(Records from a data source)
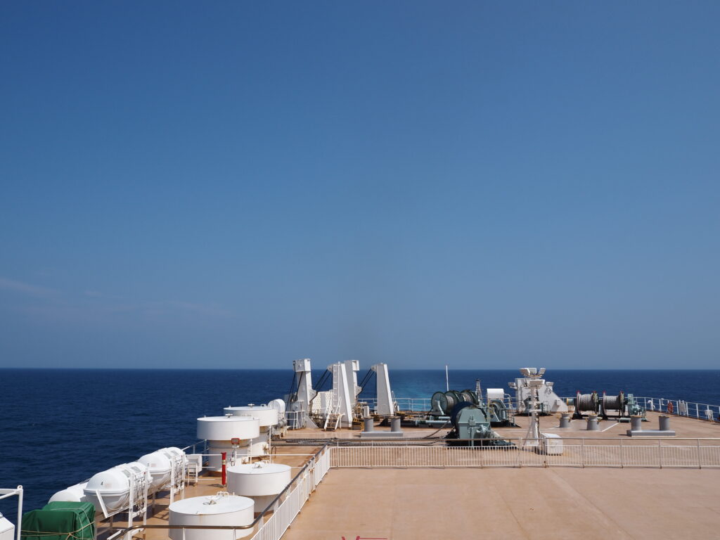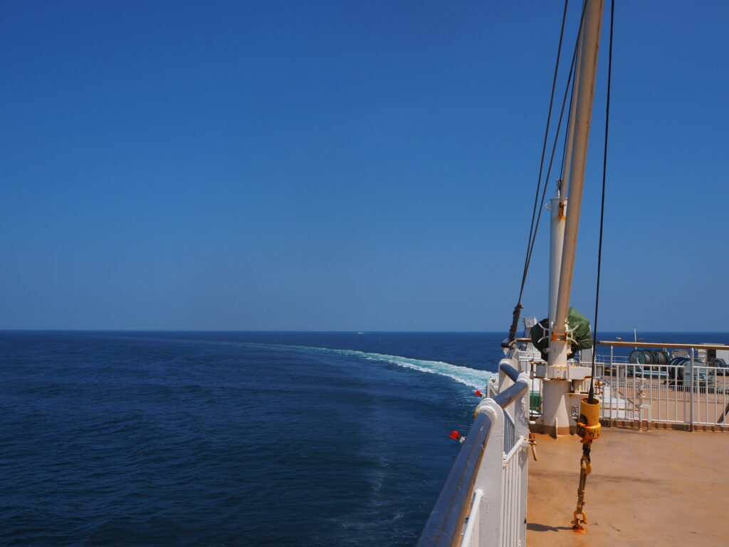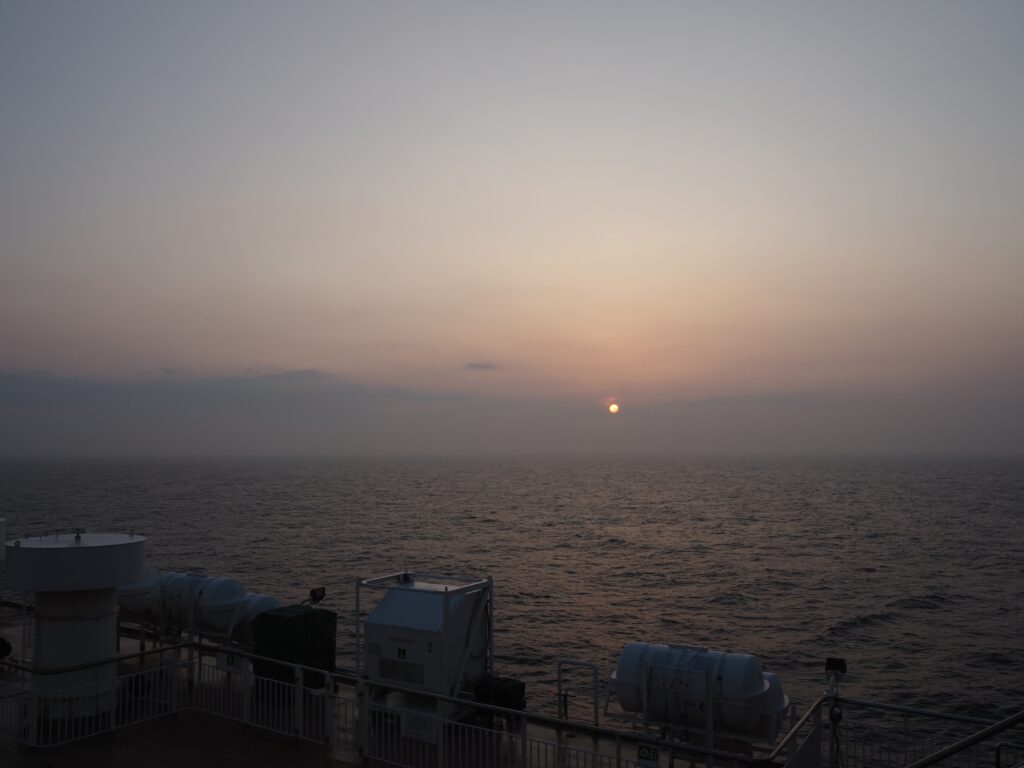 神々しい。この厳かな情景をことばにするには、僕にはあまりにも語彙力がなさすぎる。洋上で、朝日の放つ力を浴びる。こんな一瞬一瞬の感動の積み重ねこそが、また次、そのまた次と僕を船旅へと誘うのだろう。
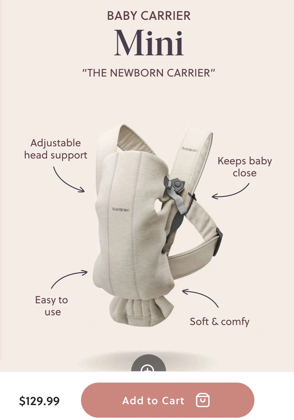 Created especially for newborns, Baby Carrier Mini is soft, snug and easy to use :
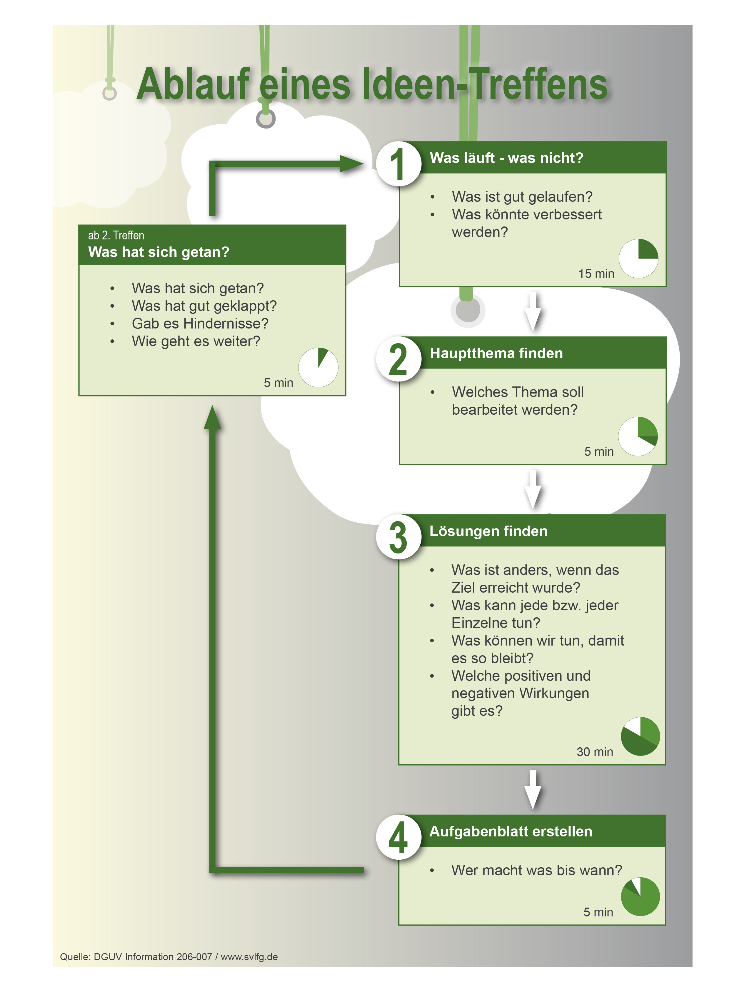 Bei einem Ideen-Treffen finden die Teilnehmerinnen und Teilnehmer heraus, welche Belastungen am jeweiligen Arbeitsplatz auftreten. Werden Fehlbelastungen festgestellt, erarbeiten alle gemeinsam Lösungsvorschläge, um diese zu verringern. Darauf aufbauend kann der Unternehmer die notwendigen Veränderungen veranlassen. So werden Belastungen bei der Arbeit verringert, Gesundheitsfaktoren am Arbeitsplatz gefördert und die Kommunikation im Betrieb verbessert. Ideen-Treffen dauern ca. eine Stunde.
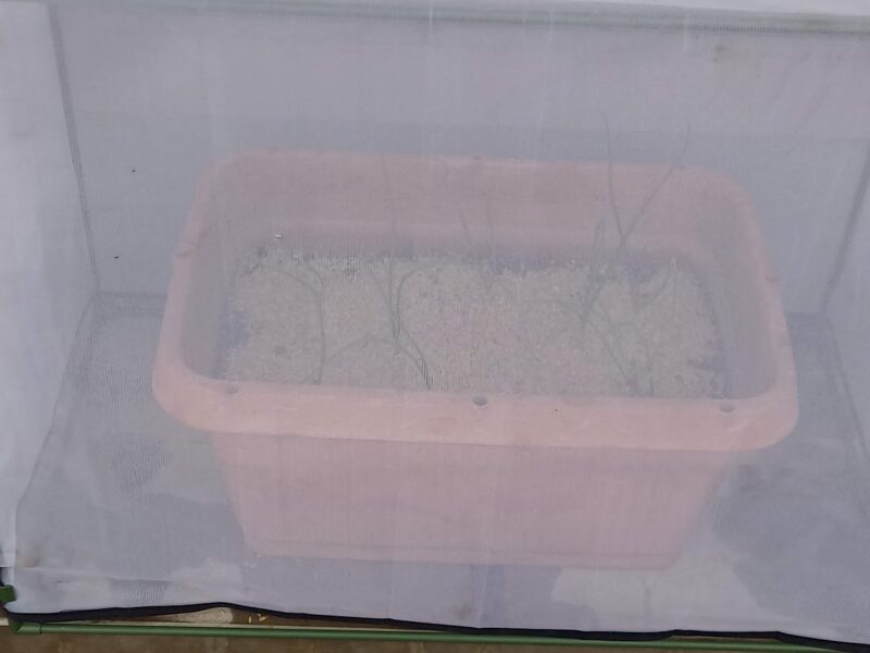 そこで冬の冷たい風で弱らないように、防虫ネットで覆ってみました‼
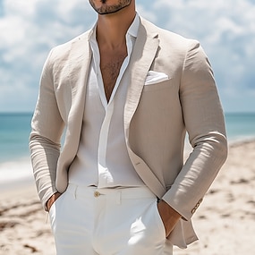 De los hombres Trajes de Lino boda en la playa Beige Verano Traje Solapa de Pico Ligeras Casual Color sólido Estándar Juego de 2 piezas Recto 1 botón
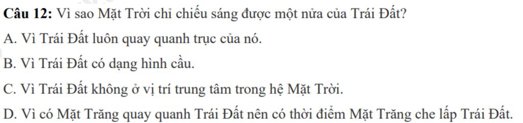 =>vậy đáp án là B. Vì Trái Đất có dạng hình cầu.
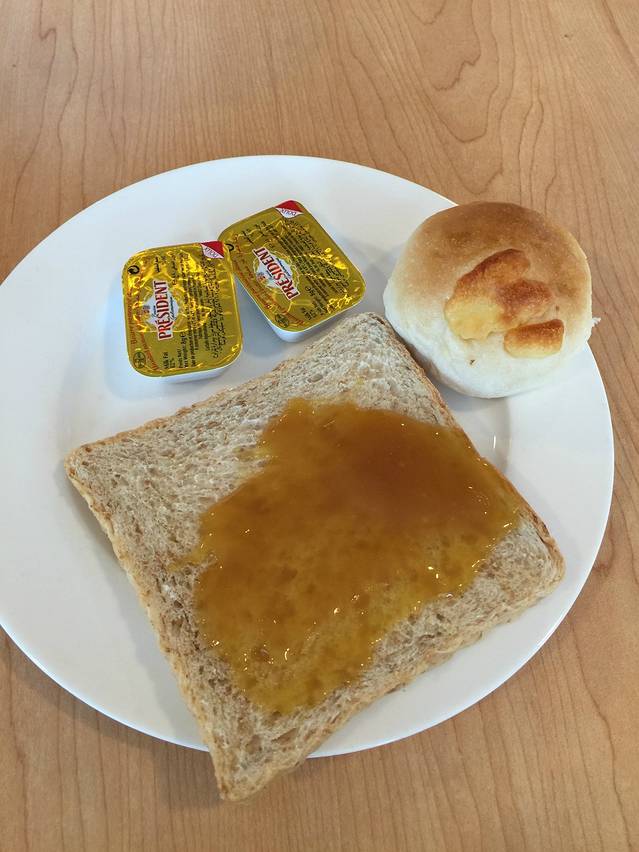 酒店的自助早餐,还是我喜欢的面包果酱,外加一杯咖啡!
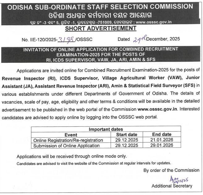 Odisha Sub-Ordinate Staff Selection Commission (OSSSC) has released a short notification for Combined Recruitment 2026.
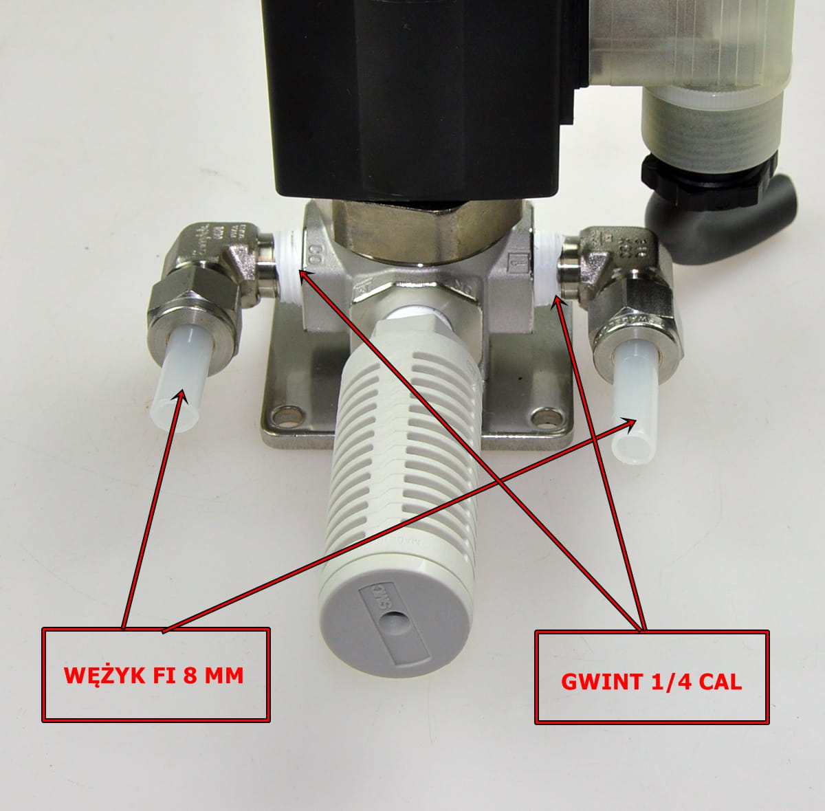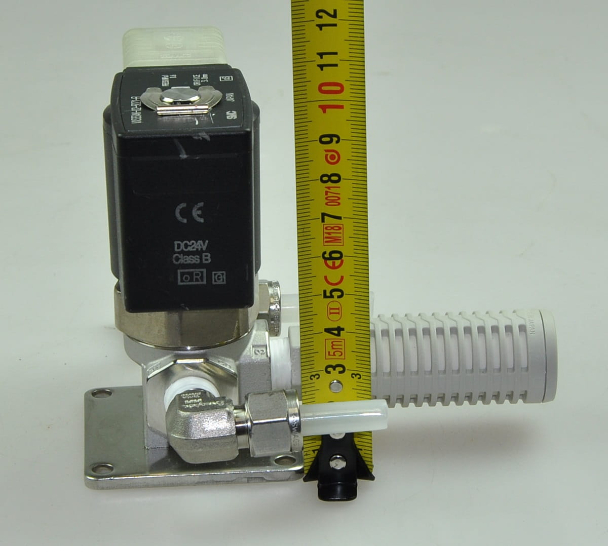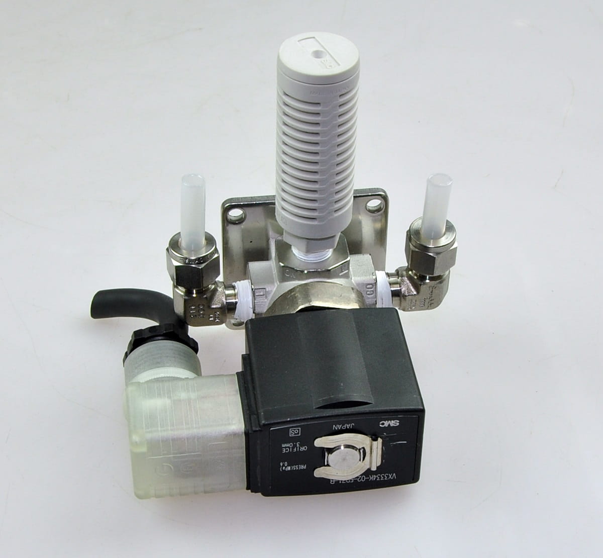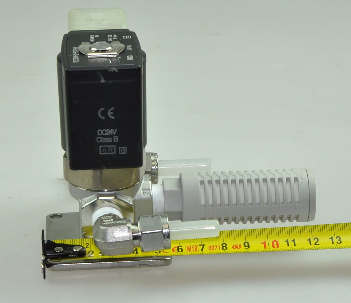 Używany, całkowicie sprawny i w idealnym stanie elektrozawór o symbolu: VX3334K-02-5DZ1-B, produkt firmy SMC. Elektrozawór trójdrogowy dla ciśnienia do 2,0 MPa. Cewka sterowana napięciem stałym 24V. W zestawie jest wtyczka do cewki, tłumik spustowy powietrza oraz dwie złączki skręcane do podłączenia elastycznego przewodu ciśnieniowego. Zawór pracował z azotem ale nadaje się także do cieczy.
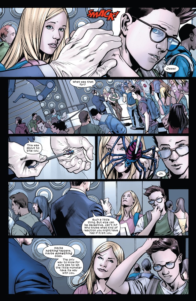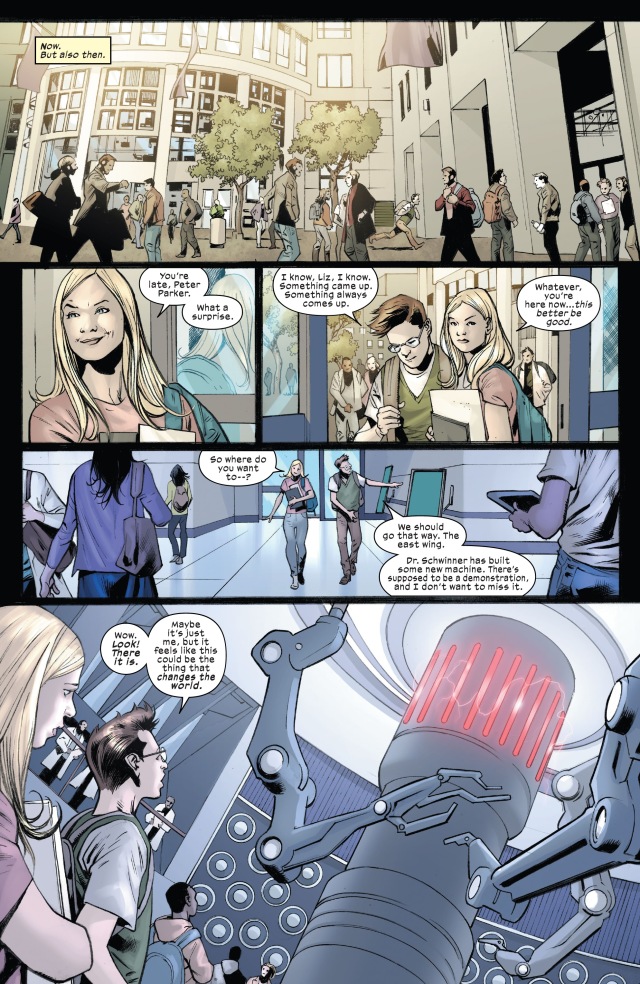 畫面來到了「現在」,同時也是「過去」——彼得‧帕克被輻射蜘蛛咬到的那一天。但是這次他身邊的人似乎與以前並不一樣?

▶ _EXERCISE REQUIREMENTS_:
Print the records again exactly. Skip every picture.

▶ _ANSWER SPACE_:
 神々しい。この厳かな情景をことばにするには、僕にはあまりにも語彙力がなさすぎる。洋上で、朝日の放つ力を浴びる。こんな一瞬一瞬の感動の積み重ねこそが、また次、そのまた次と僕を船旅へと誘うのだろう。
 Created especially for newborns, Baby Carrier Mini is soft, snug and easy to use :
 Bei einem Ideen-Treffen finden die Teilnehmerinnen und Teilnehmer heraus, welche Belastungen am jeweiligen Arbeitsplatz auftreten. Werden Fehlbelastungen festgestellt, erarbeiten alle gemeinsam Lösungsvorschläge, um diese zu verringern. Darauf aufbauend kann der Unternehmer die notwendigen Veränderungen veranlassen. So werden Belastungen bei der Arbeit verringert, Gesundheitsfaktoren am Arbeitsplatz gefördert und die Kommunikation im Betrieb verbessert. Ideen-Treffen dauern ca. eine Stunde.
 そこで冬の冷たい風で弱らないように、防虫ネットで覆ってみました‼
 De los hombres Trajes de Lino boda en la playa Beige Verano Traje Solapa de Pico Ligeras Casual Color sólido Estándar Juego de 2 piezas Recto 1 botón
 =>vậy đáp án là B. Vì Trái Đất có dạng hình cầu.
 酒店的自助早餐,还是我喜欢的面包果酱,外加一杯咖啡!
 Odisha Sub-Ordinate Staff Selection Commission (OSSSC) has released a short notification for Combined Recruitment 2026.
 Używany, całkowicie sprawny i w idealnym stanie elektrozawór o symbolu: VX3334K-02-5DZ1-B, produkt firmy SMC. Elektrozawór trójdrogowy dla ciśnienia do 2,0 MPa. Cewka sterowana napięciem stałym 24V. W zestawie jest wtyczka do cewki, tłumik spustowy powietrza oraz dwie złączki skręcane do podłączenia elastycznego przewodu ciśnieniowego. Zawór pracował z azotem ale nadaje się także do cieczy.
 畫面來到了「現在」,同時也是「過去」——彼得‧帕克被輻射蜘蛛咬到的那一天。但是這次他身邊的人似乎與以前並不一樣?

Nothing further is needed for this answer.